Expanded Evaluation Framework: Our 42-task, 6-model evaluation pipeline provides comprehensive assessment tools for future LLM reasoning research across multiple reasoning domains.
These findings have immediate implications for AI deployment decisions and long-term significance for understanding cognitive capabilities in artificial systems. As LLMs increasingly serve reasoning-intensive applications, systematic evaluation frameworks become essential for evidence-based model selection and architectural improvement.

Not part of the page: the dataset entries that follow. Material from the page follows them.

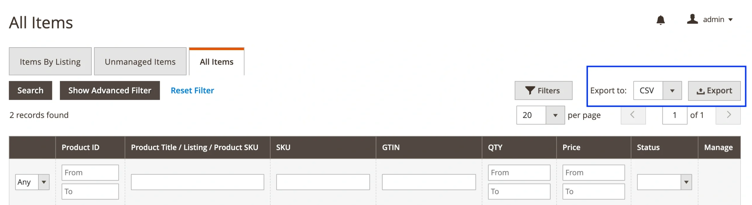 If you only want to export products from a particular M2E Pro Listing, go to Listings > Items > Items by Listing. Select the listing you need and click the Export button in the top-right corner of the grid.
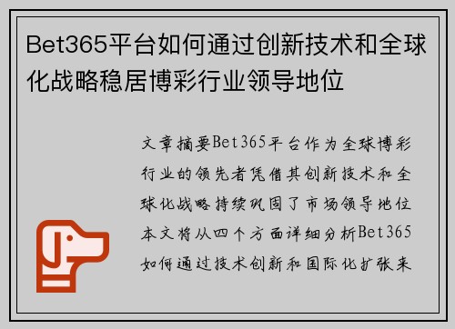 Bet365平台如何通过创新技术和全球化战略稳居博彩行业领导地位
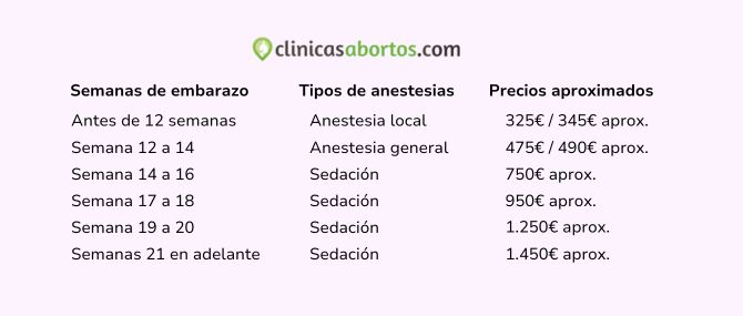 Como norma general, este tipo de aborto se realiza con anestesia local incluida en el precio. Sin embargo, si la mujer prefiere una sedación ligera o intravenosa, la interrupción del embarazo puede tener un coste adicional de entre 50 € y 100 €.
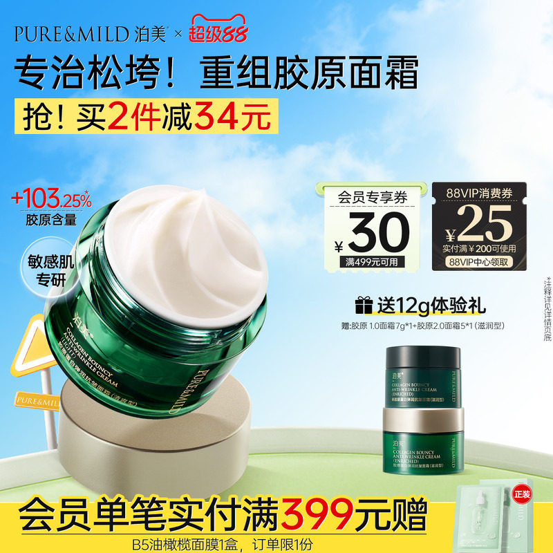 泊美胶原蛋白弹润抗皱面霜女补水保湿提拉紧致淡纹官方旗舰店正品
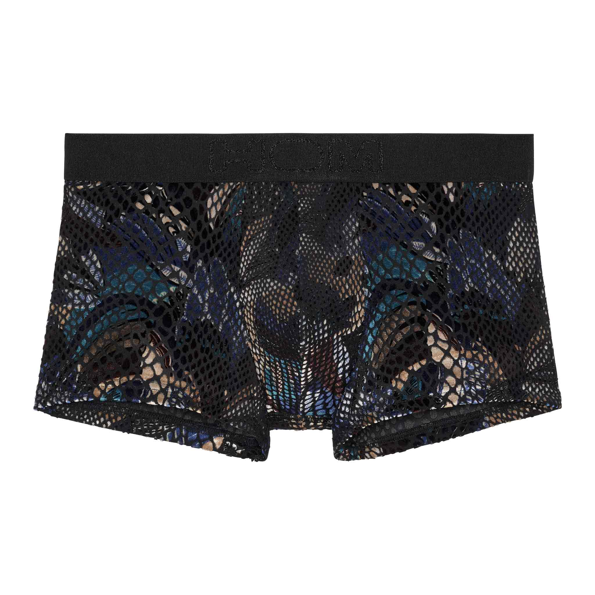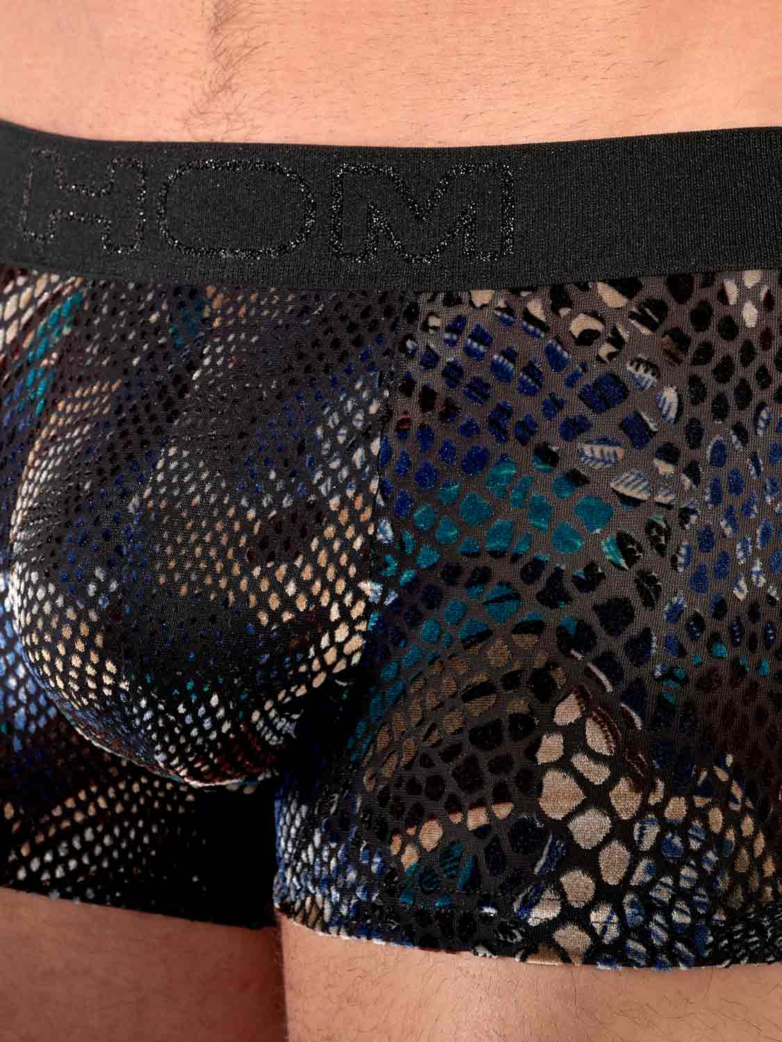 The HOM Cobra trunk is a bold and seductive piece, made from devoré mesh with a striking animal-skin design. The velvet-like flock print creates a rich texture that feels as luxurious as it looks, enhancing the sensuality of the deep blue, bronze and black tones. Lined at the front, it ensures comfort without compromising its daring transparency. A true eye-catcher for the confident man.
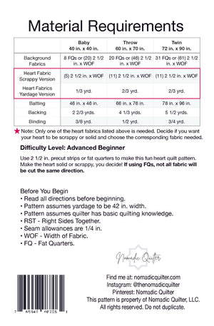 The Jelly Heart Quilt Pattern is designed for the beginner quilter in mind. This fast and precut friendly quilt pattern lets you choose the look you want by giving you the option of a scrappy or solid heart. Use Jelly Rolls or a fat quarter bundle and yardage... You decide on the colors and get sewing!
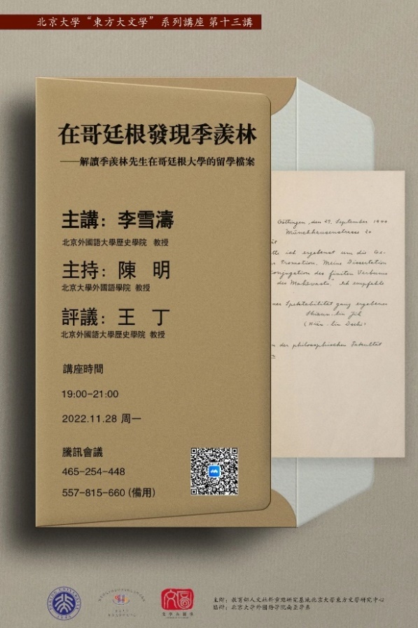 北京大学“东方大文学”系列讲座第十三讲:在哥廷根发现季羡林 讲座预告
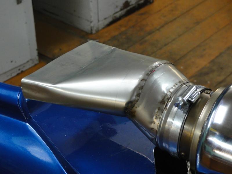 следующая - воронка приварена под углом к трубе одетой на турбину. Сечение на выходе максимально повторяет контур окна.
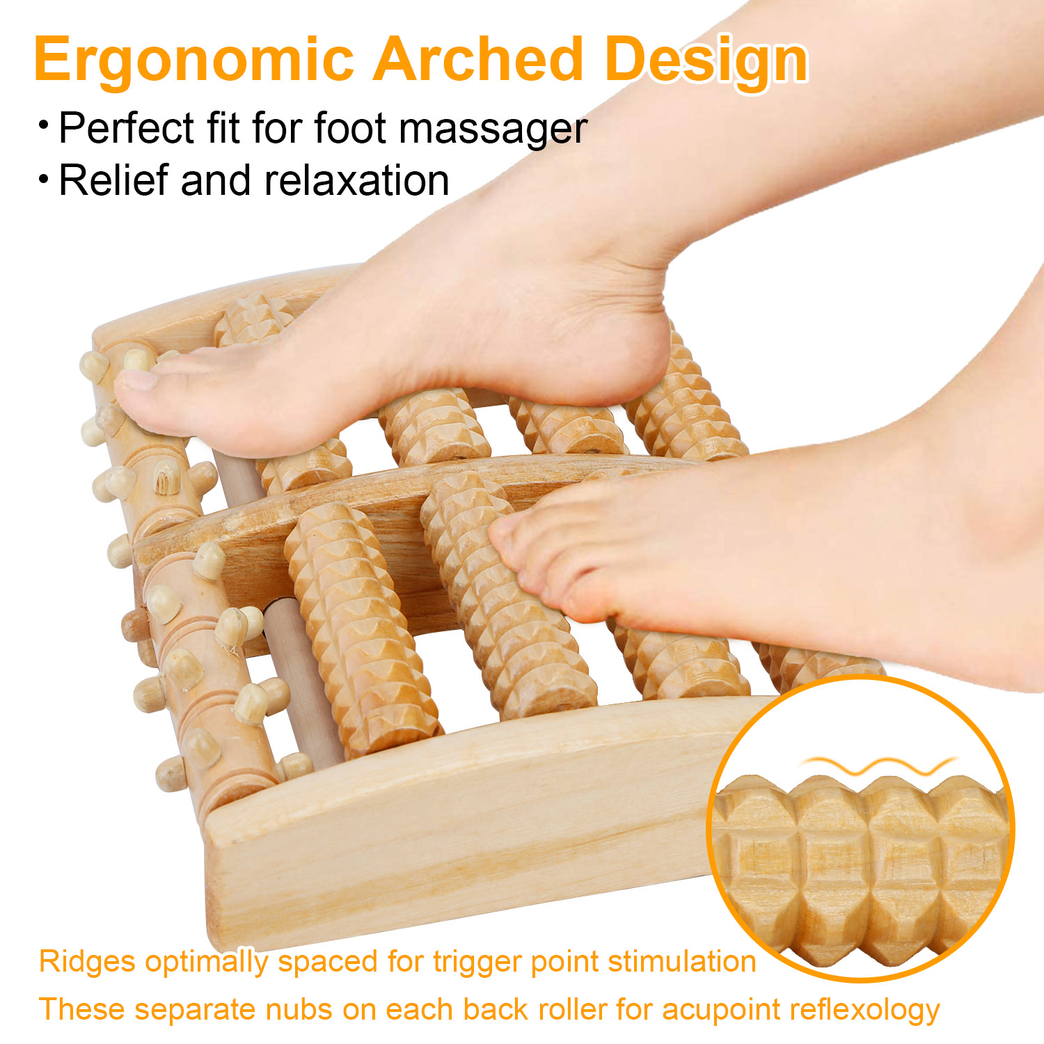 Massage Foot Roller Dual Wooden Stress Relief Roller Acupressure Massage Plantar Relaxation Shiatsu Massage for Foot Leg Back
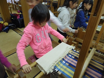 また、竹とんぼ作り、藍染め、機織りを体験しました。
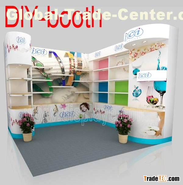 now! custom most Green&Eco Friendly and easiest self-assembly trade show stand solutions, save money on your island,inline,corner trade show displays or 10x10,10x20,10x30,20x20,20x30 trade show booth displays ...and so on , all size trade show booth stand in box.
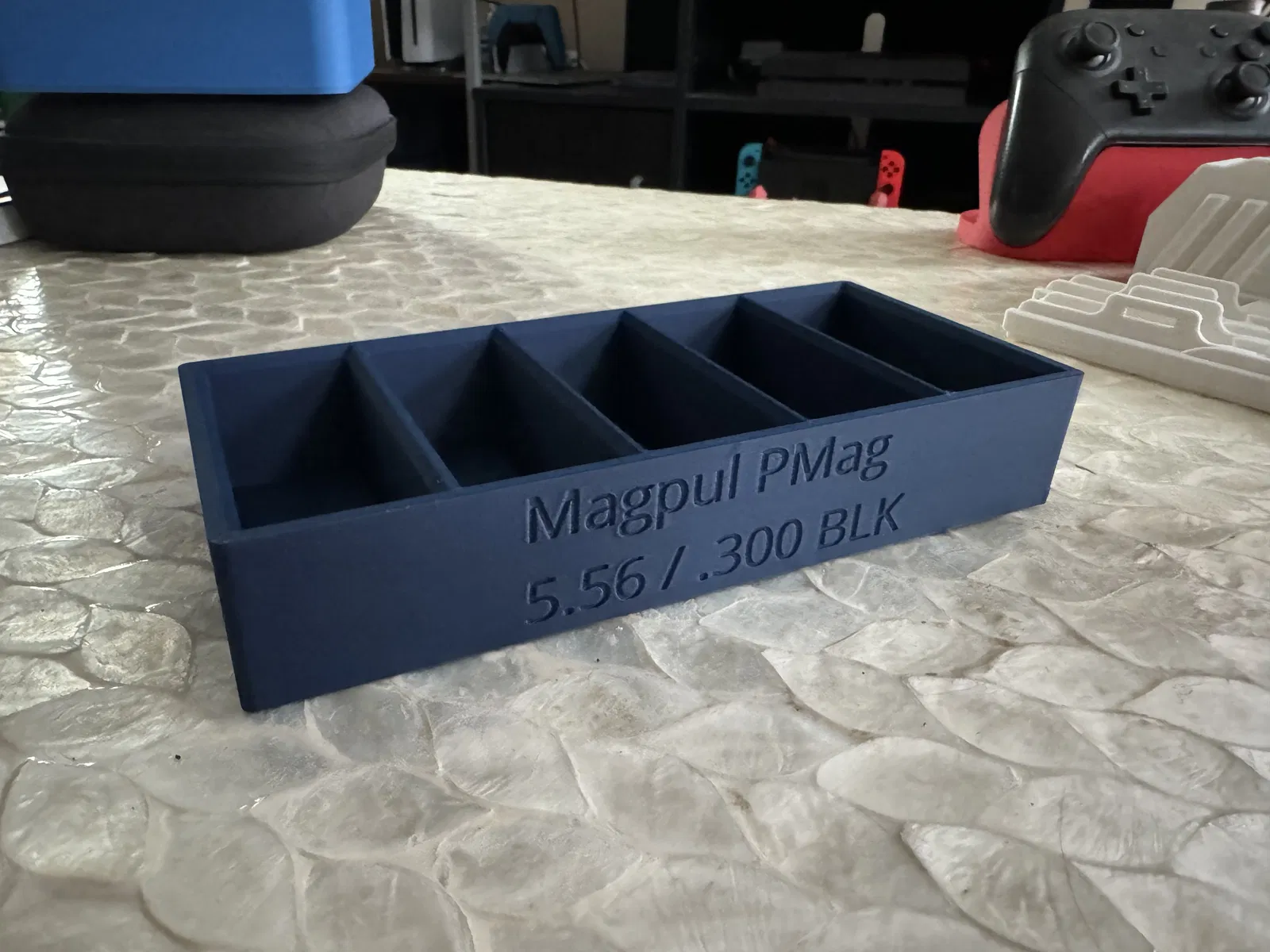 Cái organizer 5 PMAG này là hàng xịn nha. Dùng được cho cả 5.56 và băng đạn .300BLK luôn đó. Bao ngon với băng đạn 10, 20, 30 viên, xài được cho cả đời 2 với đời 3 luôn. In ra không cần support đâu nha. Hàng Lancer Mags cũng xài tốt luôn. Infill 20% là đẹp.
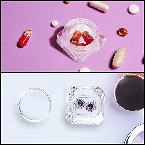 VASETTI PLASTICA CON COPERCHIO PREMIUM: I vasetti piccoli sono realizzati in materiale plastico di alta qualità resistente a rotture, crepe e deformazioni. Il design trasparente consente d'ispezionare rapidamente il loro contenuto. A forma di diamante fuori, le loro pareti interne sono lisce e scendono direttamente dalla bocca del vaso. Sono dotate di coperchi rotondi per una conservazione compatta. Facili da lavare con acqua e sapone, sono riutilizzabili, ideali per uso personale, commerciale.

The unexpected superiority of Claude-3-Haiku, an efficiency-tier model, challenges existing assumptions about the performance-efficiency trade-off in language models. This finding suggests that architectural optimizations for speed and cost-effectiveness can enhance rather than compromise reasoning capabilities. These results underscore the critical importance of empirical evaluation in advancing both scientific understanding and practical AI deployment strategies.
Acknowledgments
We acknowledge the computational resources provided by OpenAI, Anthropic, and Google AI, which enabled this comprehensive evaluation. We also thank the broader AI research community for establishing the theoretical foundations that guided our experimental design.
Data Availability
Experimental data and results are available upon request. All code and methodologies are detailed within this paper for reproducibility.